A more recent example is Rafael Morelos, a teen who hanged himself after being bullied on Facebook about his sexual orientation. Or Amanda Cummings, a teen who threw herself in front of a bus after receiving harassing Facebook posts and emails.
Not every “go kill yourself” post on 4chan ends in a death, and not every mean-spirited troll is a criminal in the legal sense of the word, but a lot of online harassment goes unacknowledged and unpunished until someone ends up physically hurt or worse.
It’s a grossly unjust state of affairs, but it’s not for lack of legislation. Currently, only sixteen U.S. states have not passed anti-cyberbullying laws (only three states have no laws on the books regarding cyber-bullying in schools), and just twelve states have omitted the issue of online harassment from legislation. But generally speaking, only the most extreme cases of online bullying and harassment are ever prosecuted, and they end up falling under existing laws covering stalking, defamation, etc.
Currently, Arizona’s definition of harassment (punishable-by-law-type harassment that counts as a Class 1 misdemeanor) includes anyone who “anonymously or otherwise contacts, communicates, or causes a communication with another person by verbal, electronic, mechanical, telegraphic, telephonic or written means in a manner that harasses.”
Also, the entire bill being proposed in Arizona isn’t even new legislation; it’s just a simple edit to law already on the books that changes the words “a telephone” to “any electronic or digital device.”
So if Arizona (and just about every other state) already counts cyberbullying and cyberharassment as a misdemeanor (or a felony, depending on the target), why is everyone making such a big deal about this new bill? What’s it got that older laws ain’t got?
Arizona wants to make it just as illegal to harass and intimidate people online as it already is over the phone or in person. The state wants to make it illegal to use laptops and GPS and any other devices we dream up in the future to hurt people. Actually harmful trolling is, according to any reading of Arizona and other states’ law, already illegal; legislators are just making sure the t’s are crossed and the i’s dotted so the laws currently on the books don’t become obsolete or misunderstood.
There’s something about our culture that doesn’t want online speech to be in the same class as other kinds of speech. Trolls want to have carte blanche to say things online that they’d be too cowardly to say over the phone or in person. Current laws with current language can, to an extent, add to the illusion that this behavior is permissible.
But it’s not. That’s why I’m glad Arizona, for all its other legislative foibles in recent years, is making that clear.

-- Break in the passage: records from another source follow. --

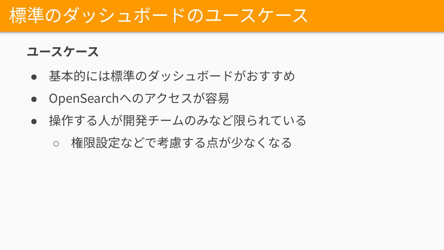 標準のダッシュボードのユースケース ユースケース • 基本的には標準のダッシュボードがおすすめ • OpenSearchへのアクセスが容易 • 操作する⼈が開発チームのみなど限られている ◦ 権限設定などで考慮する点が少なくなる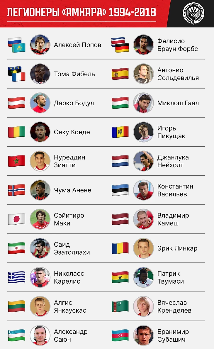 По одному футболисту из разных уголков планеты: от островов Карибского бассейна до Японии, от Северной Африки — до Прибалтики. В истории «Амкара» был японец, иранец, марокканец, испанец, нидерландец и даже капитан сборной Эстонии. Родившийся в Пермской области Алексей Попов успел сыграть 4 матча за сборную Казахстана. А африканские игроки приезжали в Пермь не только из Нигерии — вспомним ганца Твумаси и гвинейца Конде.
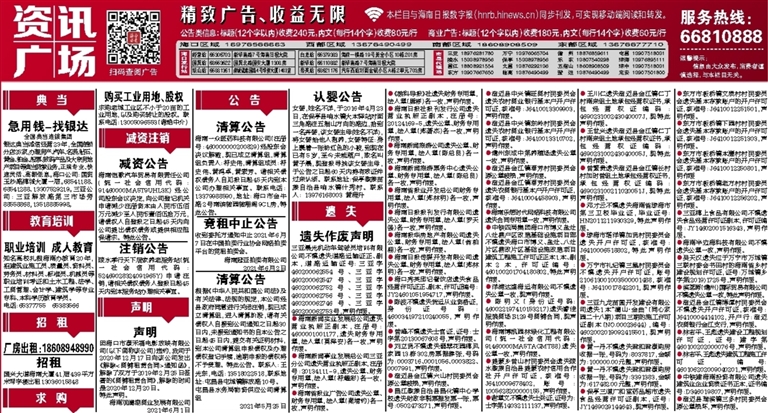 ●海南新闻旅游公司遗失公章、财务专用章,法人章(陈总良)各一枚,声明作废。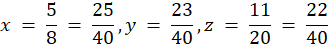 Dla każdej z osi liczbowych wyznacz długość jednego „odcinka” i odczytaj wartości liczb x, y i z, a następnie sprowadź je do wspólnego mianownika.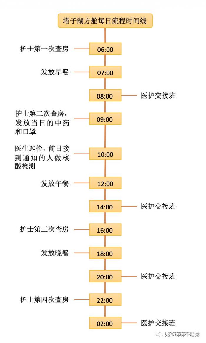 这里的医护人员每个团队是隔一天排一次班。每天4班倒,6小时一班,交接时间依次是8点,14点,20点,2点。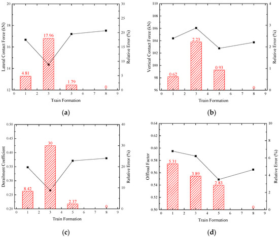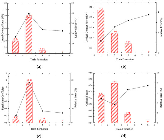 Variation trend of wheel–rail interaction indices’ peak values and relative errors versus train formations (PGA = 400 gal): (a) wheel–rail lateral force; (b) wheel–rail vertical force; (c) derailment coefficient; and (d) offload factor.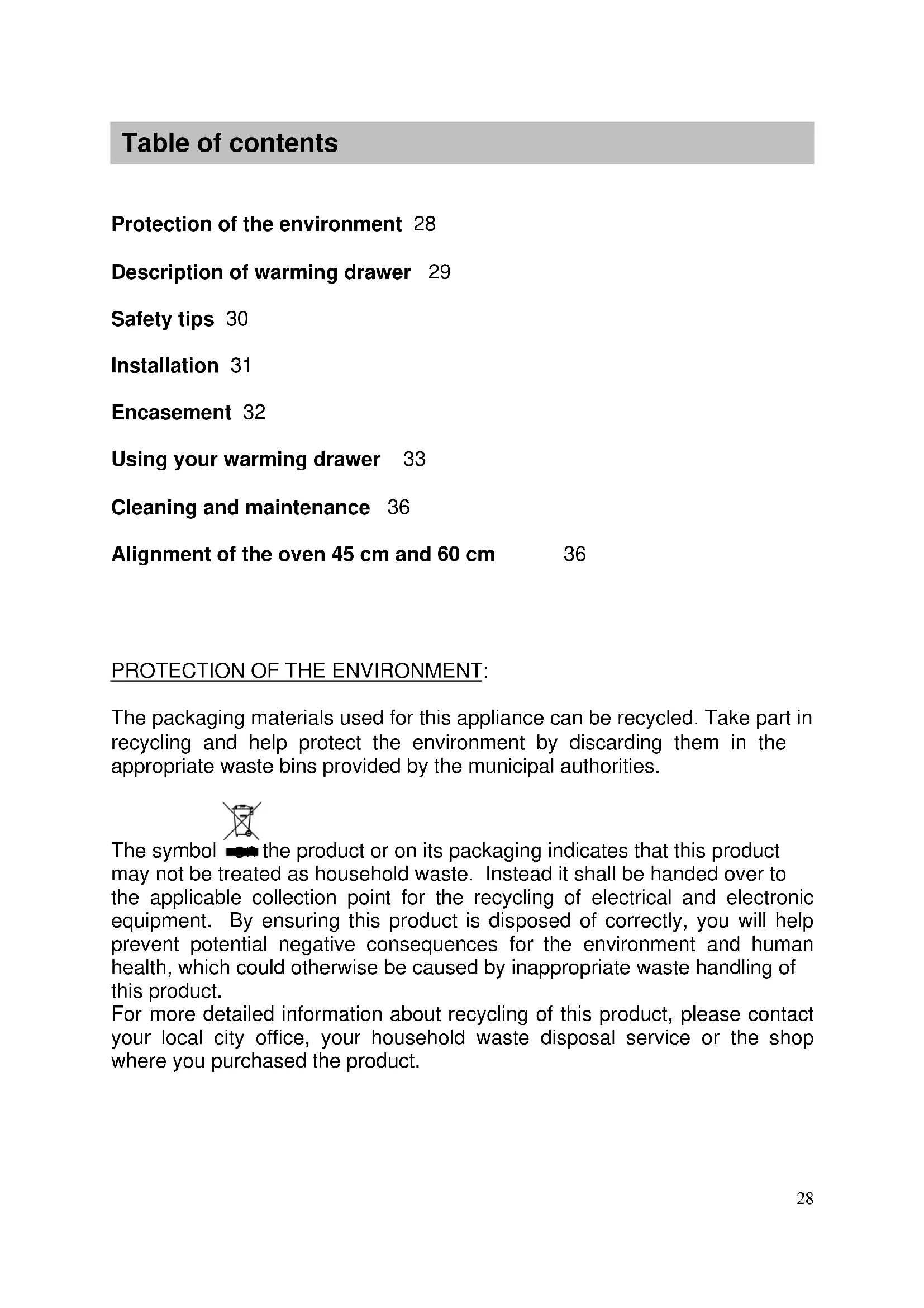 This warming drawer has been designed for use by private persons in their homes. It is intended exclusively for warming dishes. Any other use is prohibited and could be dangerous. The manufacturer cannot be held liable in the event of non-complying use.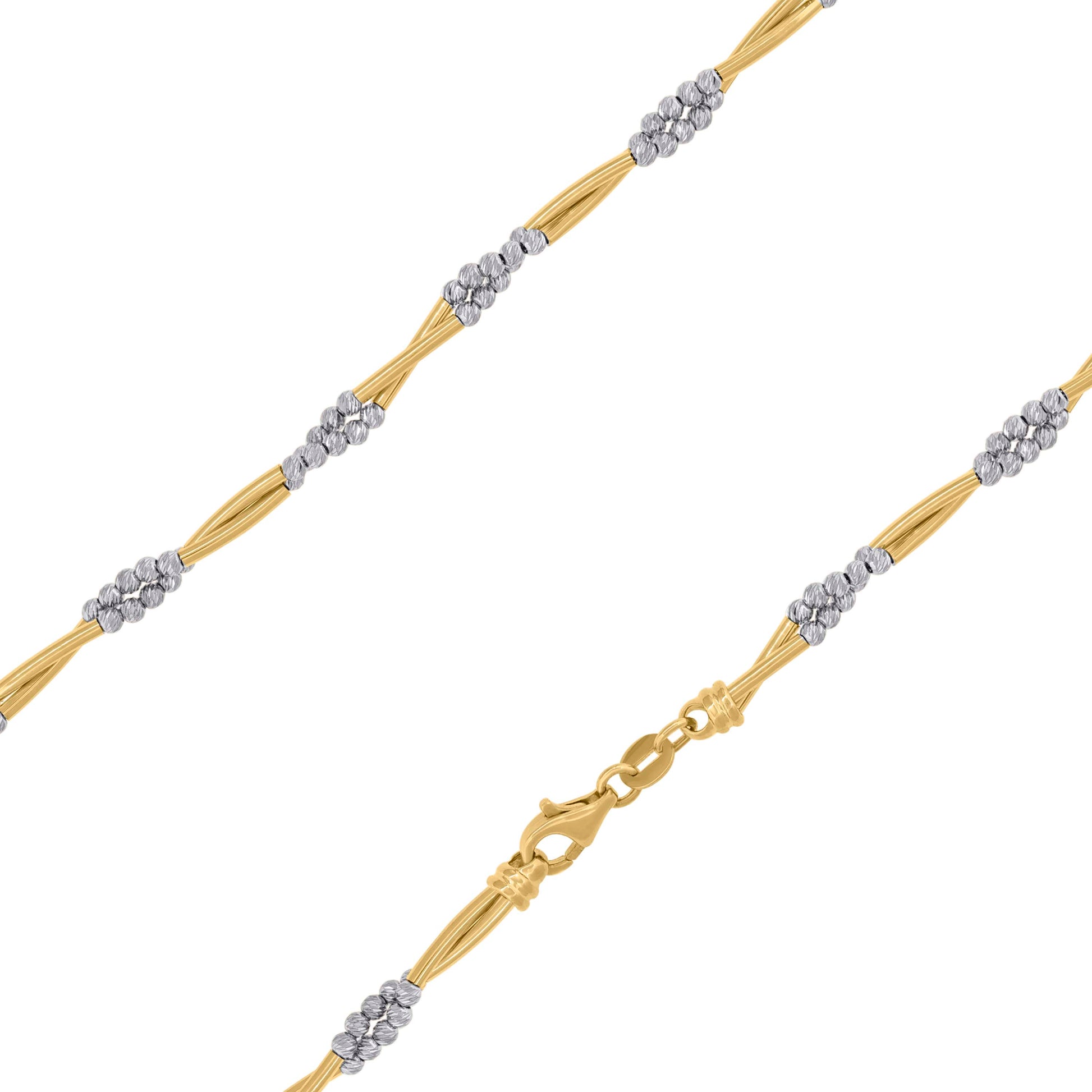 14Kt Two-Tone Gold Womens Polished Finish Textured Twisted Beaded Necklace Size 18 Inches

*Let’s have a little media law lesson about free speech, while we’re at it. You’re pretty much allowed to post whatever you like on your own website(s), for the most part and especially if you host it yourself on your own server. But if you’re posting something on someone else’s site, the laws of free speech no longer apply. The person who maintains the website controls the speech on that site, and you’re (literally) in his or her domain. So you can’t complain about your lack of “free speech rights” on Celine Dion’s Facebook wall or a blog’s comments section. Likewise, you don’t technically have “free speech rights” on social networks or blogging platforms that you, yourself, don’t own and host. If you want to exercise your true rights to free speech, you need to do so in a non-commercial forum that you control pretty much down to the bare metal. Believe it or not, repression of speech is totally constitutional, as long as it’s not Congress that’s doing the repression.